EXERCISE DETAILS: Give the entries below again, word for word, and leave out the images.

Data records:
# # #
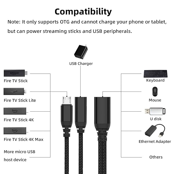 - AreMe 2 Pack OTG Cable Adapter for Fire TV Stick 4K, Powered Micro USB to USB OTG Cable for Android Phone Tablet and More Host Devices with Micro USB (Black) provides reliable performance and quality- CompatibilityThe micro USB OTG cable is designed for Fire TV Stick, Fire TV Stick 4K, Fire TV Stick 4K Max, Fire TV Stick Lite, Chromecast, other streaming sticks and more host devices with micro USB.
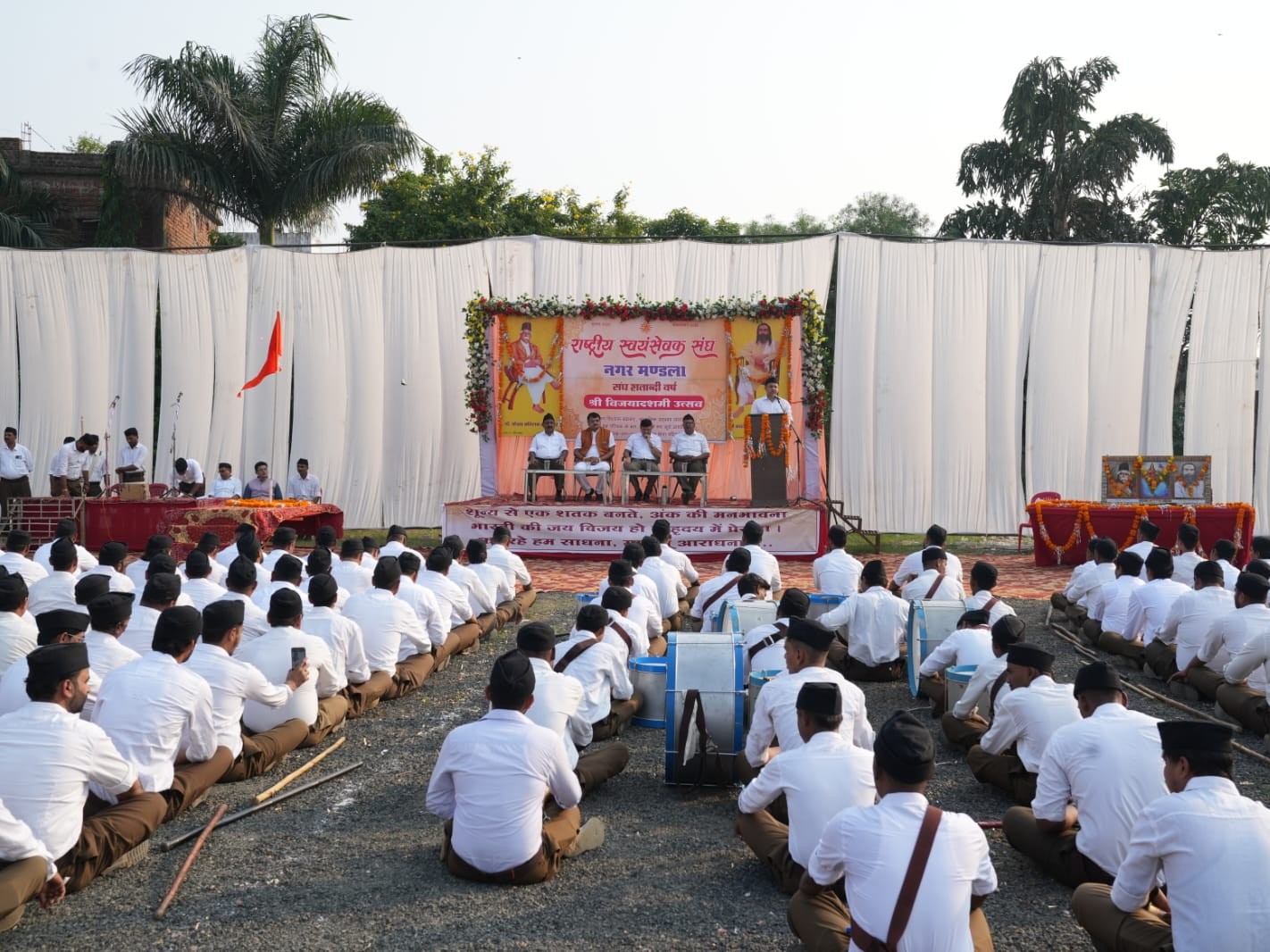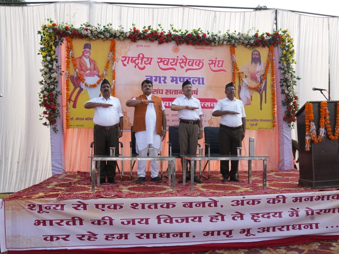 राष्ट्रीय स्वयंसेवक संघ (आरएसएस) के शताब्दी वर्ष के उपलक्ष्य में मंडला नगर में विजयादशमी उत्सव का आयोजन सोमवार शाम को अष्टविनायक लॉन में किया गया। कार्यक्रम का शुभारंभ पारंपरिक शस्त्र पूजन से हुआ। इस अवसर पर मध्य क्षेत्र के सह क्षेत्र प्रचारक प्रेमशं
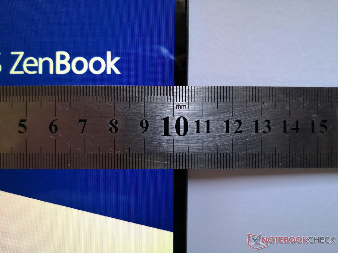 Die äußerst schmalen Displayränder an allen vier Seiten (statt nur links und rechts wie bei den meisten anderen Laptops) tragen dazu bei, dass das ZenBook 14 eine kleinere Grundfläche hat als viele Konkurrenzprodukte. Gewicht und Dicke sind trotz der integrierten ScreenPad-Funktionalität ansonsten vergleichbar.
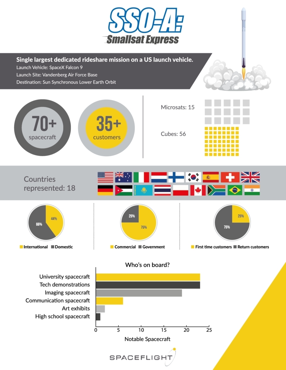 Targeted for sun-synchronous orbit (SSO), the mission is dubbed SSO-A: SmallSat Express.
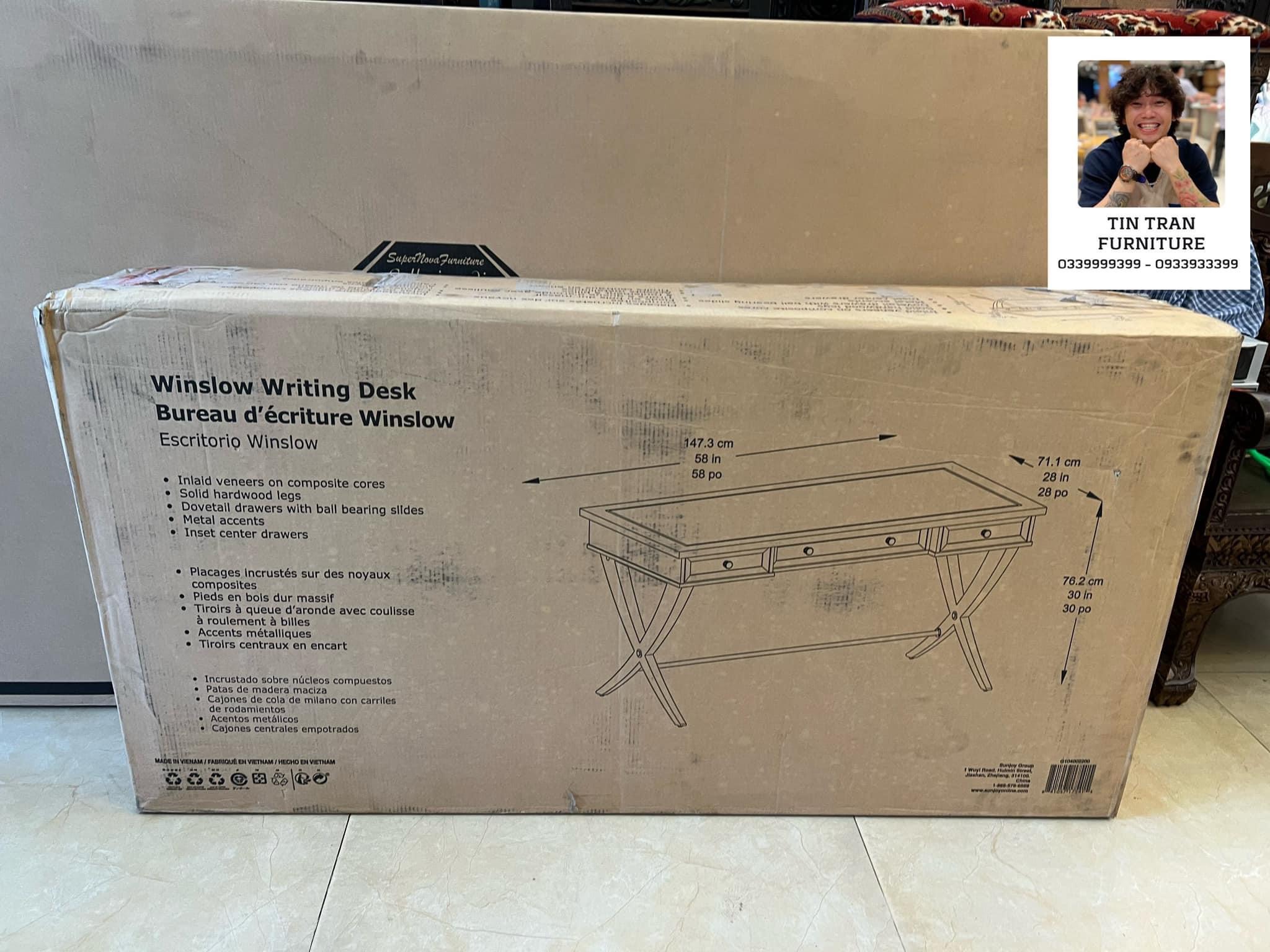 Lâu lắm rồi mới có mẫu bàn làm việc đẹp như này, siêu phẩm thương hiệu Wingslow Canada, kiểu dáng sang trọng, màu sơn quá đẹp, gỗ cao su, hàng mới nguyên thùng, tự lắp ráp có sách hướng dẫn, số lượng có hạn, nhanh tay thì còn, giá inbox
# # #
ANSWER BELOW:
 - AreMe 2 Pack OTG Cable Adapter for Fire TV Stick 4K, Powered Micro USB to USB OTG Cable for Android Phone Tablet and More Host Devices with Micro USB (Black) provides reliable performance and quality- CompatibilityThe micro USB OTG cable is designed for Fire TV Stick, Fire TV Stick 4K, Fire TV Stick 4K Max, Fire TV Stick Lite, Chromecast, other streaming sticks and more host devices with micro USB.
 राष्ट्रीय स्वयंसेवक संघ (आरएसएस) के शताब्दी वर्ष के उपलक्ष्य में मंडला नगर में विजयादशमी उत्सव का आयोजन सोमवार शाम को अष्टविनायक लॉन में किया गया। कार्यक्रम का शुभारंभ पारंपरिक शस्त्र पूजन से हुआ। इस अवसर पर मध्य क्षेत्र के सह क्षेत्र प्रचारक प्रेमशं
 Die äußerst schmalen Displayränder an allen vier Seiten (statt nur links und rechts wie bei den meisten anderen Laptops) tragen dazu bei, dass das ZenBook 14 eine kleinere Grundfläche hat als viele Konkurrenzprodukte. Gewicht und Dicke sind trotz der integrierten ScreenPad-Funktionalität ansonsten vergleichbar.
 Targeted for sun-synchronous orbit (SSO), the mission is dubbed SSO-A: SmallSat Express.
 Lâu lắm rồi mới có mẫu bàn làm việc đẹp như này, siêu phẩm thương hiệu Wingslow Canada, kiểu dáng sang trọng, màu sơn quá đẹp, gỗ cao su, hàng mới nguyên thùng, tự lắp ráp có sách hướng dẫn, số lượng có hạn, nhanh tay thì còn, giá inbox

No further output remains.